Berdasarkan hasil gelar perkara tersebut, penanganan kasus yang sebelumnya berada pada tahap penyelidikan resmi ditingkatkan ke tahap penyidikan.
Direktur Reserse Kriminal Umum Polda Papua Barat, Komisaris Besar Polisi Hesman Napitupulu, mengatakan peningkatan status penanganan perkara dilakukan setelah penyidik menemukan adanya unsur tindak pidana dalam peristiwa yang menyebabkan Yanto Idorway meninggal dunia.
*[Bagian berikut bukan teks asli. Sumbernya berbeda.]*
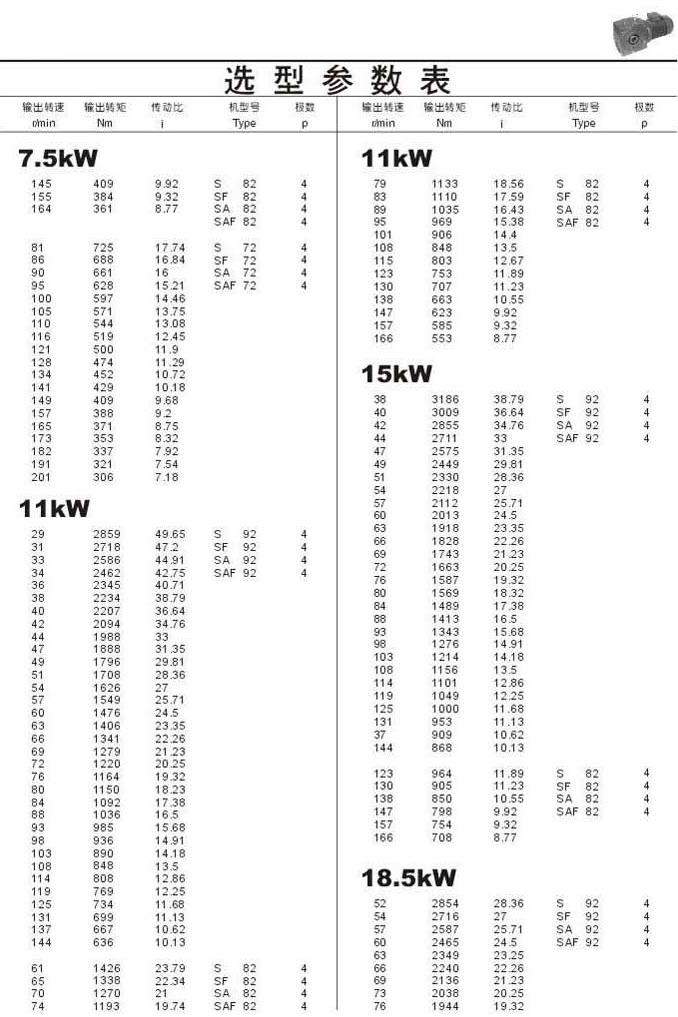 選型參數表7.5kW(續(xù)),11kW,15kW,18.5kW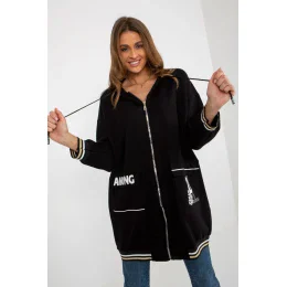 Dámska mikina predĺženého strihu s dlhými rukávmi a kapucňou. Mikina má zapínanie na zips a veľké nakladané vrecká na prednej strane.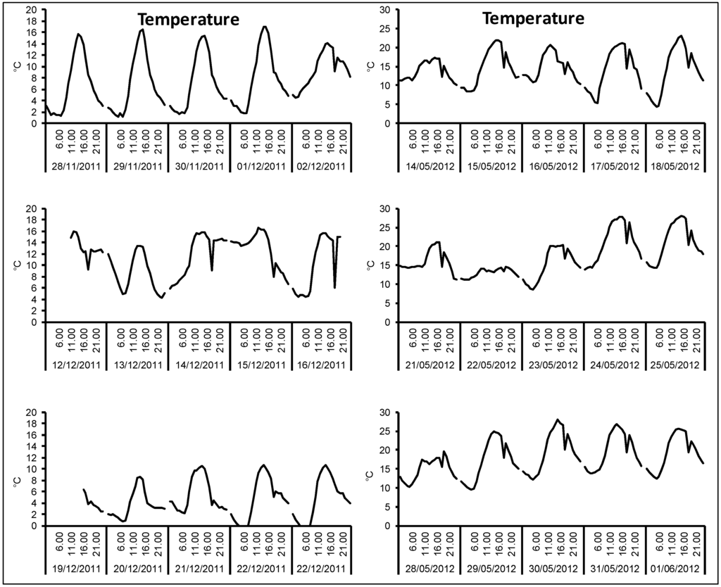 Time pattern of temperature during the winter and spring/summer campaigns.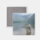 Cachorro malamute do Alaska andando em um lago com montanhas.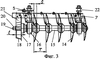 Дисковая батарея 4 содержит сферические диски 14, шпульки 15, подшипниковые узлы 16, опорное устройство 6 в виде диска 17 и обечайки 18, вал 19 и гайки 20 на его концах. Обечайка 18 имеет форму усеченного конуса, большее основание которого расположено на диске 17. Ширина t обечайки 18 меньше расстояния Т между дисками 14, но больше высоты S сегмента сферы диска (S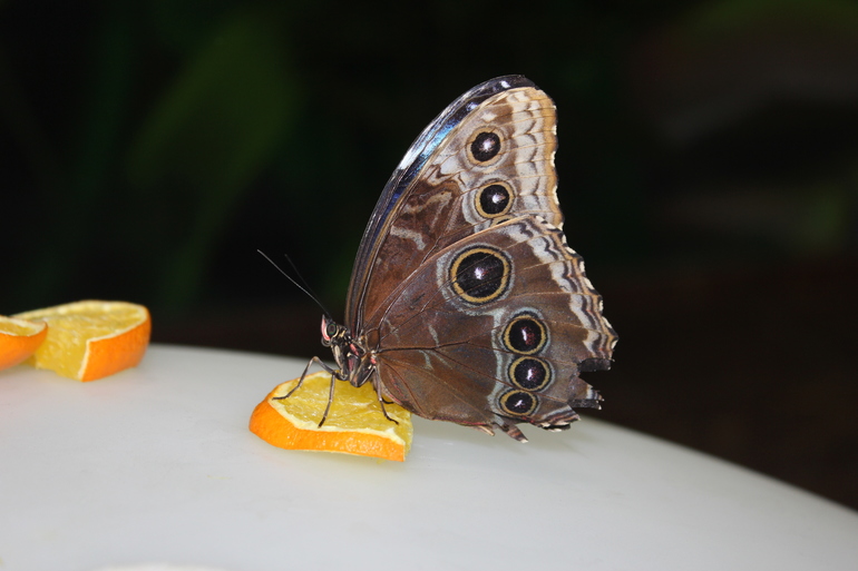 И последней нашей остановкой стал сад бабочек. Бабочек там немного или они прячутся... Не знаю.. Сидят в основном на потолке или на апельсинках.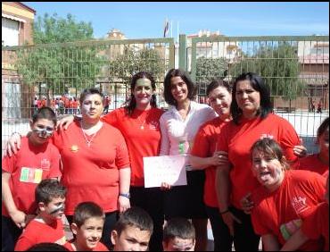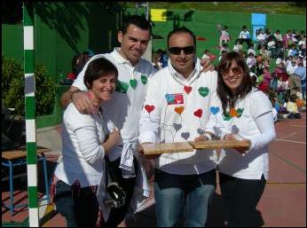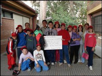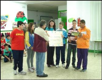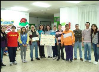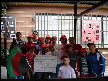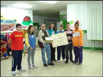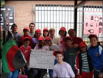 Momento de la entrega de los 940 EUROS, recaudados con motivo del MERCADILLO SOLIDARIO, organizado por los/as alumnos/as y profesores/as del C.E.I.P, J. Luís Villar Palasí, más conocido como Colegio “Zona Norte” de Vélez-Málaga. Este dinero se destinará a la compra de una CAMELLA, para los refugiados saharauis, dentro del programa de AHIMSA de apoyo a las familias, mediante la financiación de proyectos que le posibilite el desarrollo económico familiar. ¡¡ OS FELICITAMOS POR VUESTRO TRABAJO !!. Abril de 2011 |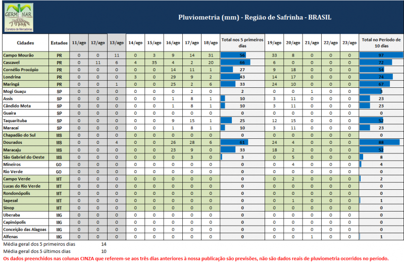 Pluviometria 14/08 – Brasil Safrinha – EUA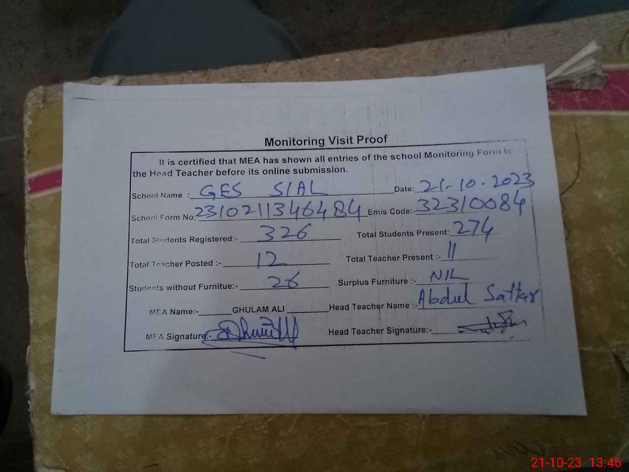 | Attendance Register | Head Teacher | MEA with School | Visit Proof |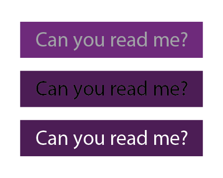 Using adequate font sizes and making sure there is adequate level of contrast between foreground and background, especially with text. The greater the contrast between the foreground and background, the easier it is to read. For text, keep in mind that font size plays a significant role: smaller fonts require even higher contrast between the text color and background to maintain readability. There are online tools for checking contrast ratios between background and foreground that are useful for design.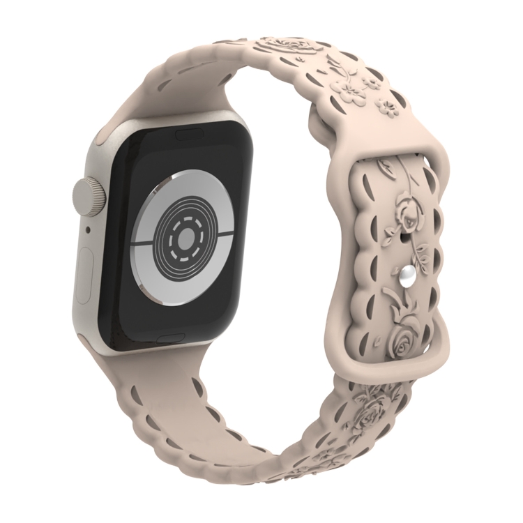 Correa de Silicona para Apple Watch Series 7 45mm con Relieve de Rosa 3D (Té con Leche)
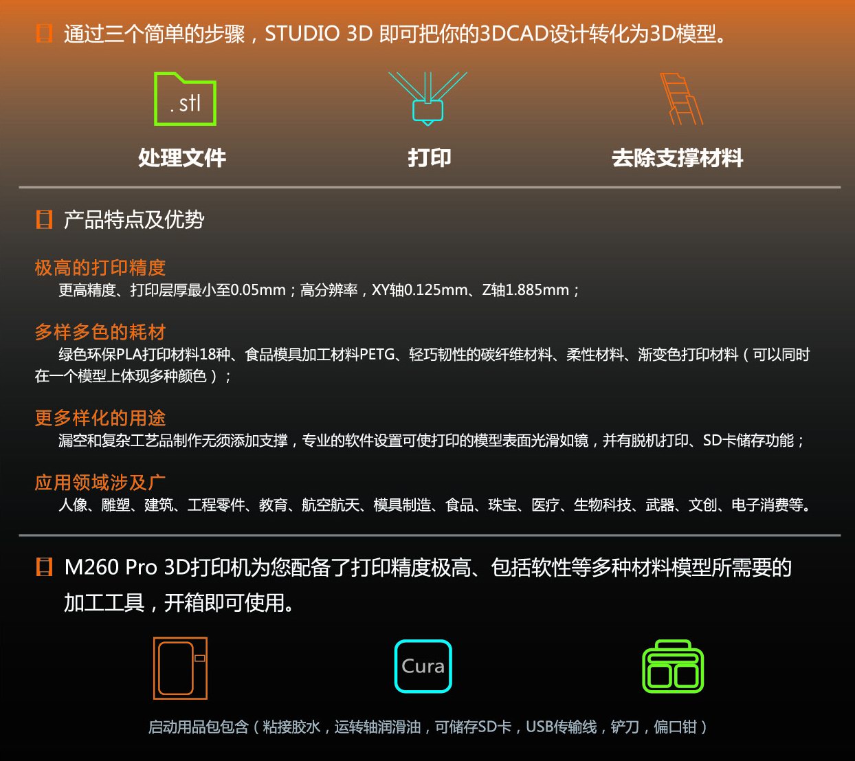 M260PRO系列3D打印机是为追求高品质,高性价比的中小型企业而设计。独有的核心构造使您在享受高质量打印任务的同时,对打印成本,打印效率和打印成功率等有更全面的把控。我们深知一台高效,稳定的3D打印机对您的意义。因此提供企业级的售后服务是我们对您的最大支持。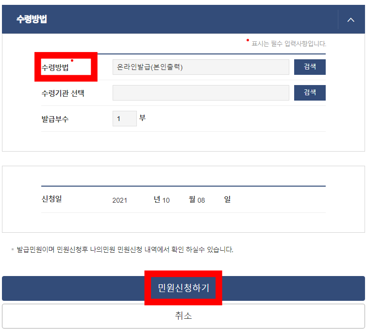 수령기관은 따로 선택 없이 공란으로 두고 발급 부수를 확인 후에 민원 신청하기를 누릅니다.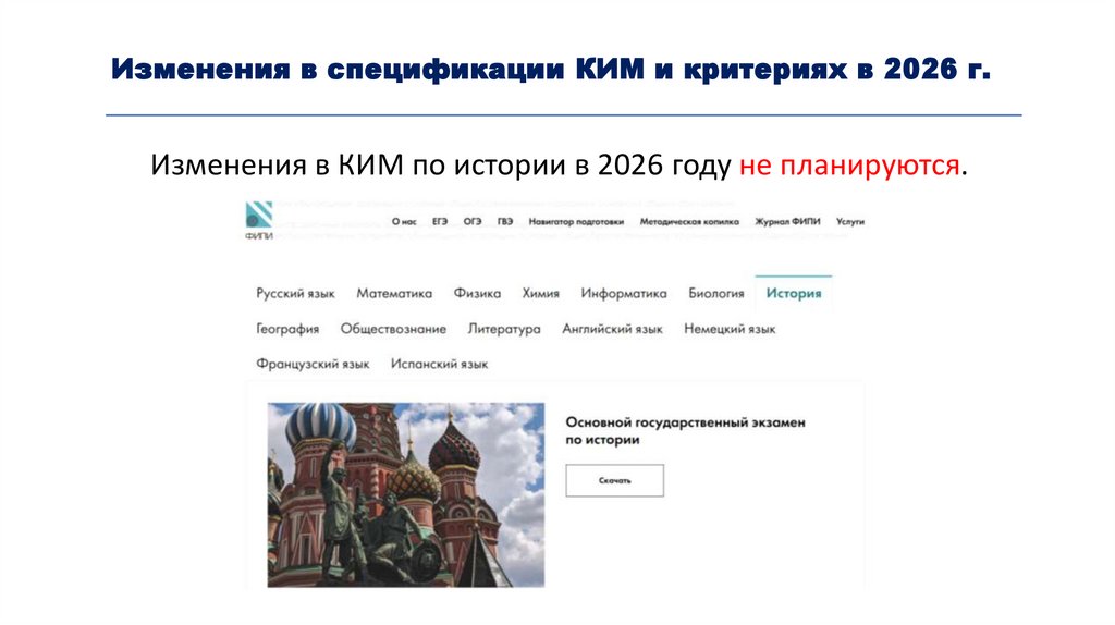 Изменения в спецификации КИМ и критериях в 2026 г.Изменения в КИМ по истории в 2026 году не планируются.

Selain itu, penyidik juga telah menerima hasil autopsi terhadap jenazah Yanto Idorway. Namun, untuk memperjelas hasil pemeriksaan secara lebih rinci, penyidik masih akan meminta keterangan dari saksi ahli.
Hingga saat ini, penyidik telah memeriksa 23 orang saksi untuk mendalami peristiwa yang menyebabkan meninggalnya Yanto Idorway. Penyidik juga masih melakukan pendalaman terhadap sejumlah saksi serta melengkapi berita acara pemeriksaan.
Dalam proses penyidikan, penyidik sementara menerapkan Pasal 466 ayat (3) Undang-Undang Nomor 1 Tahun 2023 tentang Kitab Undang-Undang Hukum Pidana terkait penganiayaan yang menyebabkan seseorang meninggal dunia.
Meski penanganan perkara telah ditingkatkan ke tahap penyidikan, hingga saat ini belum ada pihak yang ditetapkan sebagai tersangka maupun dilakukan penahanan. Polda Papua Barat memastikan proses penanganan perkara akan terus dilakukan berdasarkan fakta hukum dan alat bukti yang dikumpulkan penyidik.
Seiring dengan proses penyidikan yang masih berjalan, Polda Papua Barat meminta masyarakat tetap tenang dan bersabar serta memberikan kepercayaan kepada aparat kepolisian untuk menuntaskan perkara tersebut.
Hesman juga mengimbau masyarakat agar tidak melakukan tindakan yang dapat memicu kegaduhan selama proses penyidikan berlangsung. Menurutnya, penyidikan akan dilakukan secara terbuka dan profesional hingga kasus kematian Yanto Idorway dapat diungkap secara tuntas.
“Kami meminta masyarakat untuk tetap tenang dan memberikan kepercayaan kepada penyidik untuk bekerja,” ujar Hesman.